For this, we will have to follow a two steps process:
- Get the URL for each store
- Once you get the URL, access the URL link and then get the name and address
Get the XML path of the URL link through Inspection. The XML path for the three stores would look like the below:
- /html/body/div[2]/div[3]/div[8]/div[9]/div/div/div[1]/div[2]/div/div[1]/div/div/div[1]/div[1]/div[3]/div/a
- /html/body/div[2]/div[3]/div[8]/div[9]/div/div/div[1]/div[2]/div/div[1]/div/div/div[1]/div[1]/div[5]/div/a
- /html/body/div[2]/div[3]/div[8]/div[9]/div/div/div[1]/div[2]/div/div[1]/div/div/div[1]/div[1]/div[7]/div/a
The difference between the three is only wrt to the penultimate div element. For the first store it is div[3],for the second store it is div[5] and for the third it is div[7]
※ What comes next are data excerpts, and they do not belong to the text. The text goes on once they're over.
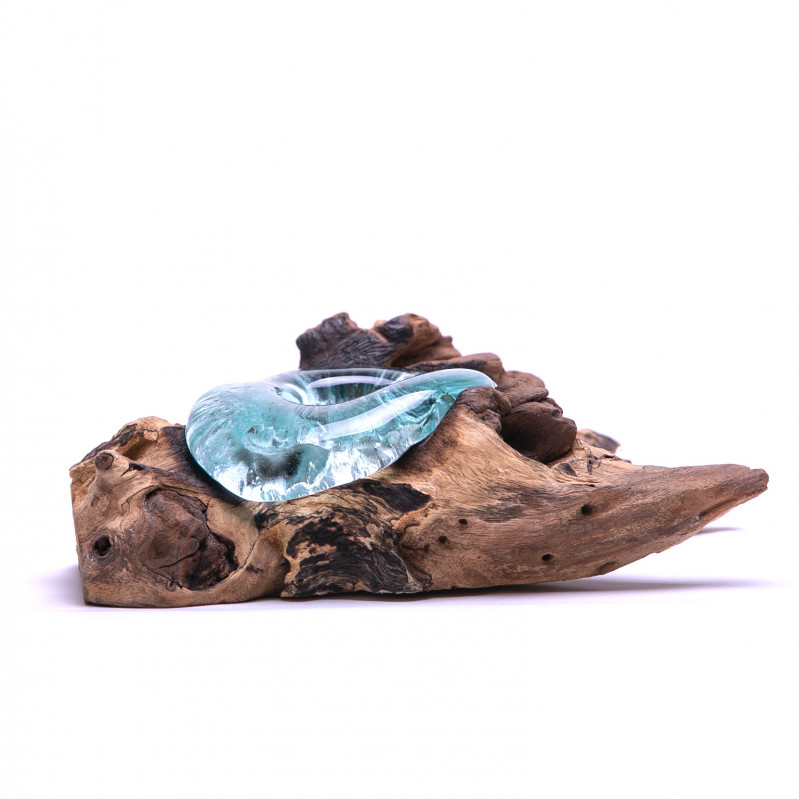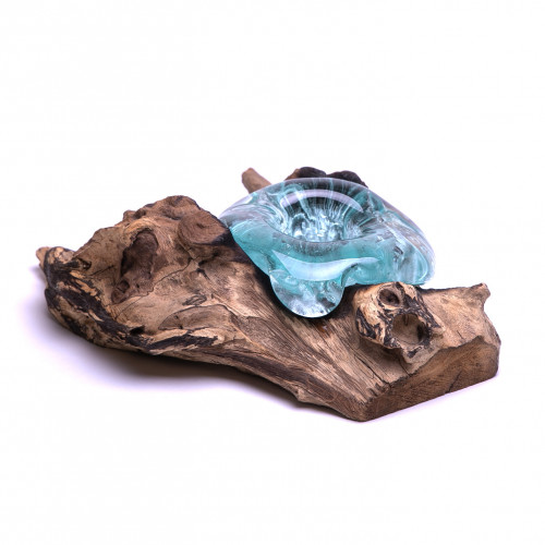 Diese besondere Mini-Vase bzw. dieser Kerzenhalter vereint naturbelassenes Holz mit einer handgeformten Glasschale und wird so zu einem echten Unikat. Die einzigartige Maserung des Holzes in Kombination mit dem klaren Glas verleiht jedem Stück seinen individuellen Charakter.
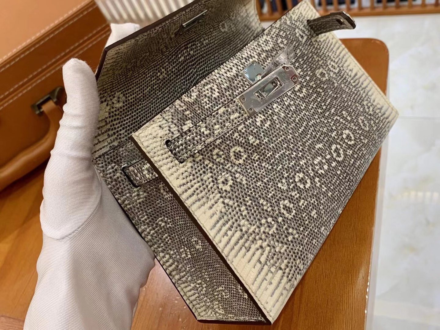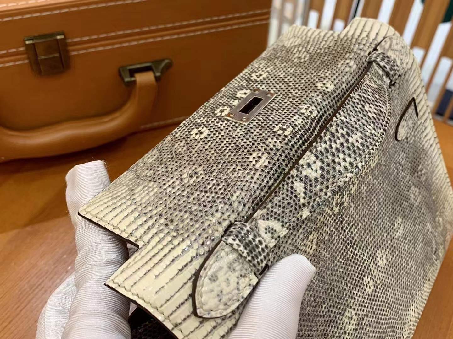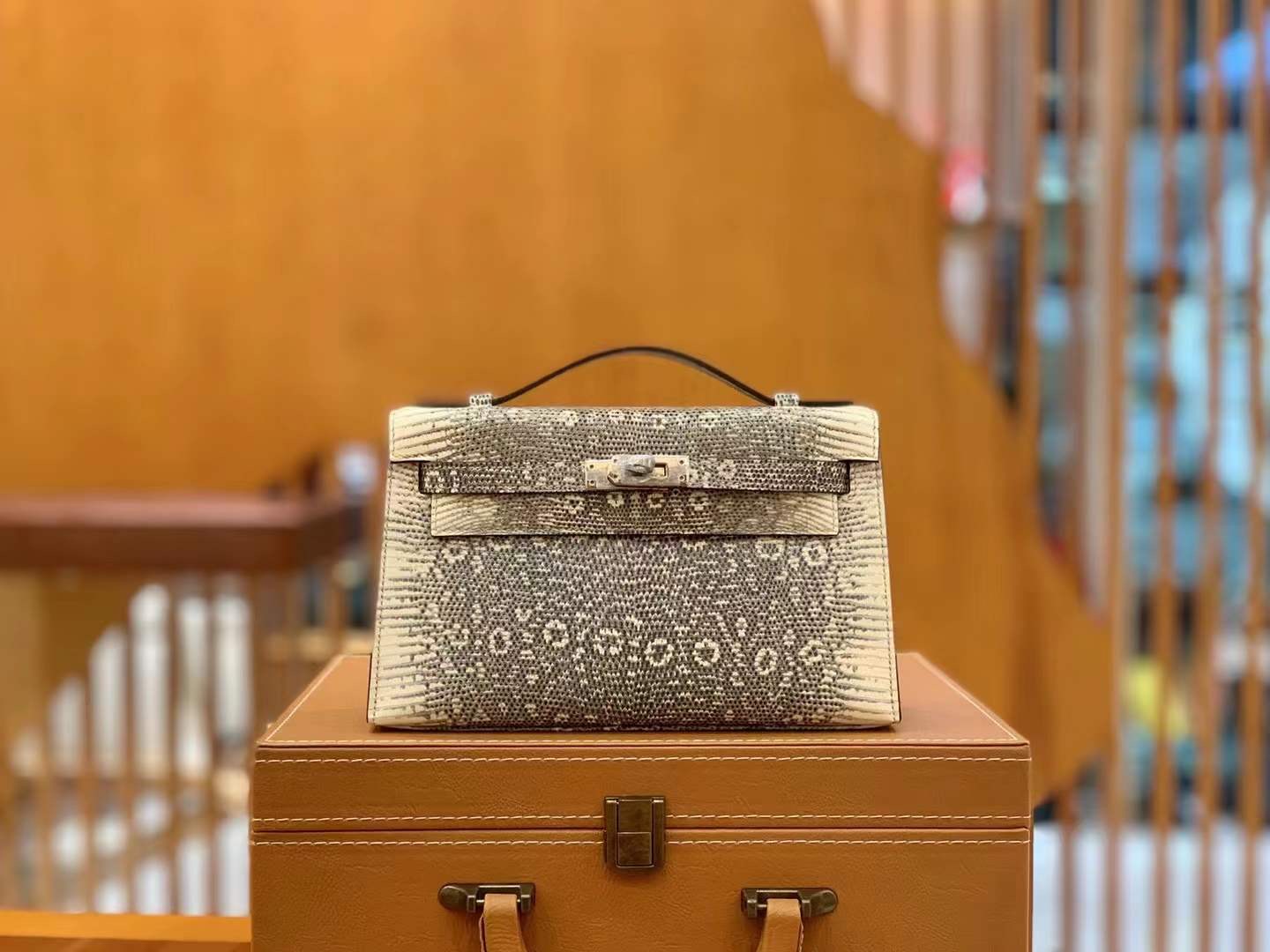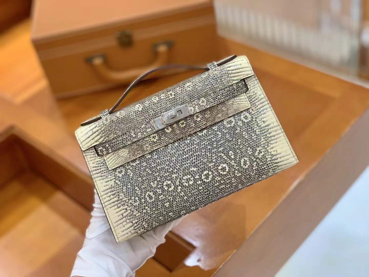Mini Kelly Generation 22cm Primary Color Silver Buckle Imported wild lizard skin. Hand-sewn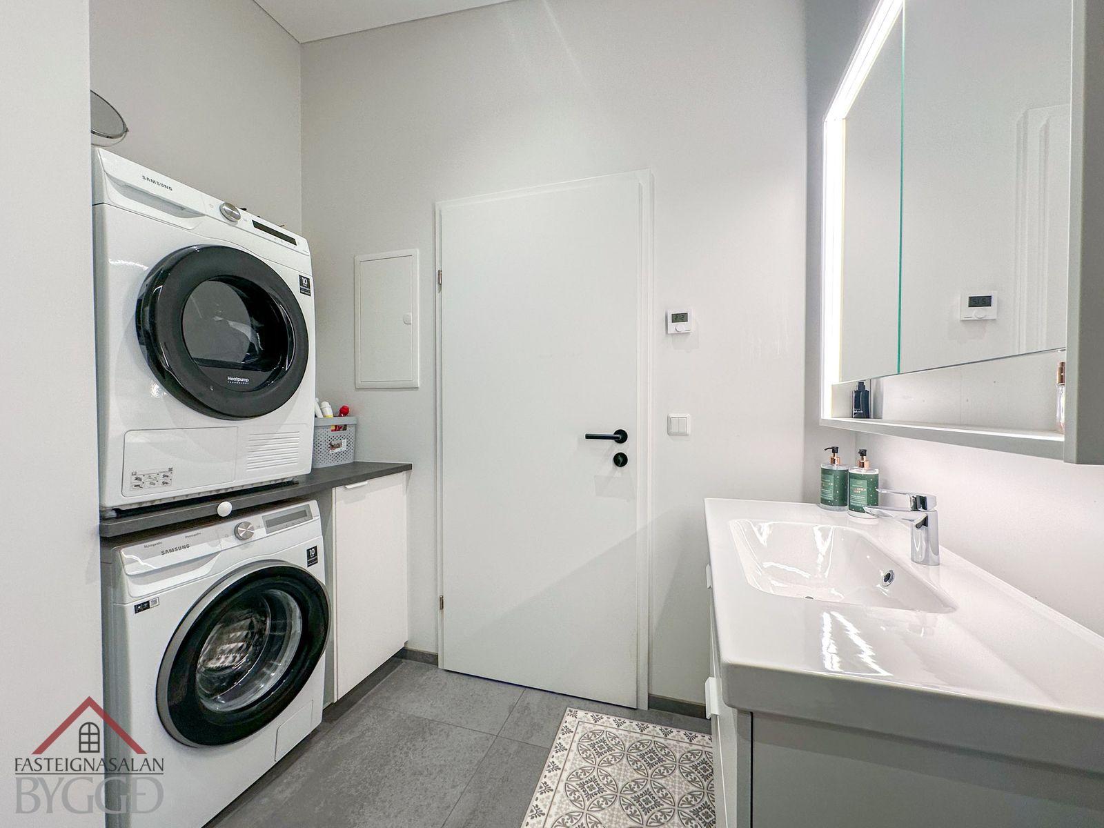 Baðherbergi er með flísar á gólfi og í kringum sturtu. Góð innrétting í kringum vask, upphengt salerni, sturtugler, handklæðaofn og stæði fyrir þvottavél og þurrkara.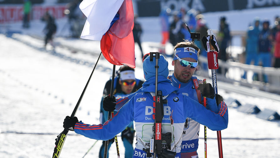 Максим Цветков (Россия) (на первом плане) и Антон Шипулин (Россия) после победного финиша эстафеты среди мужчин на чемпионате мира по биатлону в австрийском Хохфильцене. На заднем плане французский биатлонист Мартен Фуркад, чья команда выиграла серебро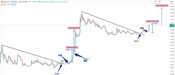 所以我们观察一下目前的狗狗币从这个低点开始到这一次的0.2附近 他是涨了接近200% 我们可以观察一下在2020年当时的这个压回突破涨到0.01这个高点位置他是涨了300%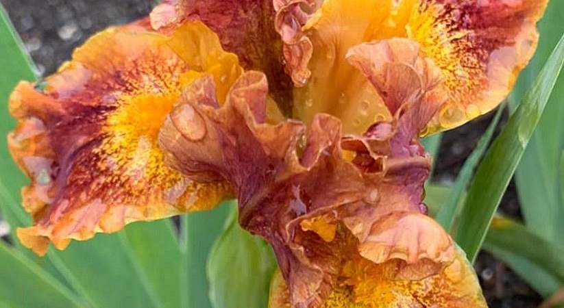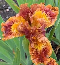 Ирис бородатый карликовый Basket of Goodies (Баскит оф Гудиз). Стандарты карамельно-медно-рыжие. Фолы медные с золотистым пятном у бородки. В центре красное напыление. По краю тонкая золотистая кайма. Бородка оранжевая. Необычный, оригинальный по форме и окраске. Срок цветения средне-поздний. Высота 36 см.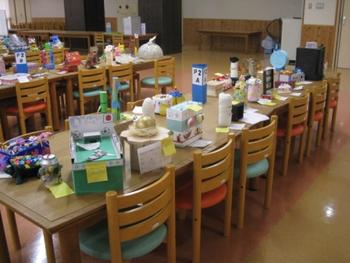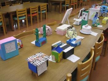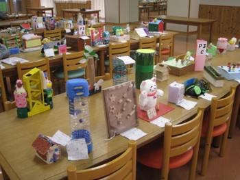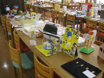 P4(小4)では発明工夫の作品が中心。興味を持ったのは使われている材料です。ペットボトルやアルミ缶、牛乳パックのほかにも、木材や和紙を使ったもの、太陽光パネルやモーターを使ったものがありました。さすがに4年生。また、「明日の持ち物ランドセル」、「勉強整理らくらくBOX」、「朝のおいそぎセット」など整理整頓のための工夫や、「くずれま洗濯物」や「たかーいところをゴシゴシスティック」などお手伝いの時に考えたアイデアを形にした作品もありました。日頃のみんなの苦労が伝わってきました。

Now we will use this information to extract all the links. For each of these XML path, we need to get the href(url)
The penultimate div which is the only difference between the store XML paths will be specified as div(instead of div[3],div[5] or div[7]) and then each of these elements, we will extract the href using
# l1<-list()
link_Store <- web_driver$findElements(using = "xpath", value = "/html/body/div[2]/div[3]/div[8]/div[9]/div/div/div[1]/div[2]/div/div[1]/div/div/div[1]/div[1]/div/div/a")
# print(store)
l1<-list()
for(i in 1:length(link_Store) ){
l1[[i]]<-link_Store[[i]]$getElementAttribute("href")[[1]]
}
l1
[[1]]
[1] "https://www.google.co.id/maps/place/Anmol+Patanjali+Store/data=!4m7!3m6!1s0x3be7c9e659d3c0e7:0xcd3cb45a143317ea!8m2!3d19.1202659!4d72.8897626!16s%2Fg%2F11p5jw_gg8!19sChIJ58DTWebJ5zsR6hczFFq0PM0?authuser=0&hl=en&rclk=1"
[[2]]
[1] "https://www.google.co.id/maps/place/Patanjali+Chikitsalay+Powai/data=!4m7!3m6!1s0x3be7c7f214bc8cdf:0x445cf1e34b310805!8m2!3d19.1259382!4d72.9193655!16s%2Fg%2F1pwfbqzfr!19sChIJ34y8FPLH5zsRBQgxS-PxXEQ?authuser=0&hl=en&rclk=1"
[[3]]
[1] "https://www.google.co.id/maps/place/Patanjali+Powai/data=!4m7!3m6!1s0x3be7c7e3010cb5d5:0xa06d2c38a41eb003!8m2!3d19.1186185!4d72.9039256!16s%2Fg%2F11f_j2zbxn!19sChIJ1bUMAePH5zsRA7AepDgsbaA?authuser=0&hl=en&rclk=1"
[[4]]
[1] "https://www.google.co.id/maps/place/Patanjali+Chikitsalay/data=!4m7!3m6!1s0x3be7c7a9b2ec66a7:0xfcf4c5119bd05d3b!8m2!3d19.118694!4d72.903835!16s%2Fg%2F11ssjv5bc1!19sChIJp2bssqnH5zsRO13QmxHF9Pw?authuser=0&hl=en&rclk=1"
We can see that the url for the four stores are now stored in l1 list.